Jean-Charles Colas-Roy, rapporteur du projet de loi, dans son allocution lors de l’adoption du texte, parle de « deux visions orthogonales de la transition énergétique » au sein du parlement : «  l’une, volontariste, ambitieuse, portée par notre assemblée ; l’autre, conservatrice, défensive, portée par la majorité sénatoriale ». Ce clivage entre les deux visions illustre le manque d’accord social sur le sujet et le conflit sous-jacent.

Avis favorable

C’est ainsi qu’en octobre 2022, une demande d’autorisation pour exploiter huit nouveaux puits dans la concession de Cazaux à été envoyée par la compagnie pétrolière à l’État.
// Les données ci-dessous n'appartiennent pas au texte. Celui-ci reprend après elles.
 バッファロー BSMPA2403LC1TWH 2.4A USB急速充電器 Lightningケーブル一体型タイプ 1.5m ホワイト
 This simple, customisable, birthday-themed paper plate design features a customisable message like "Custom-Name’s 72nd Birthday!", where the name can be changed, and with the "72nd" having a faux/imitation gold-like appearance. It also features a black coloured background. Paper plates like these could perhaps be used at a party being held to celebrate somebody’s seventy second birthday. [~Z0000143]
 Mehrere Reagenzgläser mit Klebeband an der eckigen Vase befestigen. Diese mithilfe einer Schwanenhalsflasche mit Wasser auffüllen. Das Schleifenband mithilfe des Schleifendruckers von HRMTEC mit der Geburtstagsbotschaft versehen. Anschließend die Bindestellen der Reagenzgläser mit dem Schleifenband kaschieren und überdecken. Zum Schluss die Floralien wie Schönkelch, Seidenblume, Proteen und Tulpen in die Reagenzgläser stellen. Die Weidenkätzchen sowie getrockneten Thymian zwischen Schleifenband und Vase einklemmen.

D’août à septembre 2023, une enquête publique a été menée par la commissaire enquêtrice, Carole Ancla, qui, le 20 novembre 2023, a donné un avis favorable à la demande de la compagnie pétrolière.
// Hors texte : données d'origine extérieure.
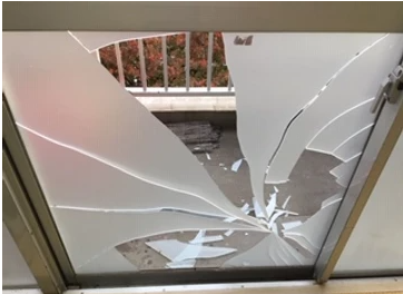掃き出し窓のガラスが鋭利に割れたので、至急修理ご希望のご連絡がありました。

Le 4 février, une tribune a été publiée dans le Monde demandant au préfet de Gironde de refuser des nouveaux forages dans la concession de Cazaux. © Stop Pétrole Bassin Arcachon.

Le collectif écologiste reproche à la commission de ne pas avoir pris en compte les avis recueillis lors de l’enquête « qui comprenait davantage d’avis négatifs que positifs ». Il constate que seul le préfet de Gironde Etienne Guyot a légalement la possibilité « d’empêcher ce projet écocidaire » et lui demande de ne pas autoriser cette exploitation lors de la manifestation du 11 février. Pourtant, au vu des déclarations du ministre de l’Énergie, il semblerait que la même loi qui devrait appuyer les engagements pris lors des accords de Paris permettra aussi de les retarder.

« Double discours »

« Le projet des huit forages supplémentaires n’est pas illégal, c’est toute la subtilité pas très subtile des positions du gouvernement ou même des pouvoirs locaux en général qui sont soucieux de l’environnement en parole mais beaucoup moins en actes. », souligne Philippe Poutou, militant du NPA et signataire de la tribune publiée par Le Monde. Il semblerait donc que le projet pourrait aboutir en application de la loi et en contradiction avec les accords de Paris.

La politique gouvernementale en matière de transition énergétique à été évoquée par le président de la République le même jour que la déclaration du ministre de l’Energie. Sur son compte X Emmanuel Macron à déclaré « oeuvrer pour une transition juste » à l’occasion de son entretien avec John Kerry envoyé spécial du Président des États-Unis d’Amérique pour le climat.

L’engagement affiché du gouvernement pour la transition écologique contraste avec la décision attendue du préfet de Gironde, qui ne devrait pas contredire l’avis du ministre de l’Energie. Ce dernier s’est vanté que la France soit le premier pays à avoir adopté une loi qui planifie la fin des énergies fossiles. Pourtant, en attendant 2040, le pétrole jaillit toujours.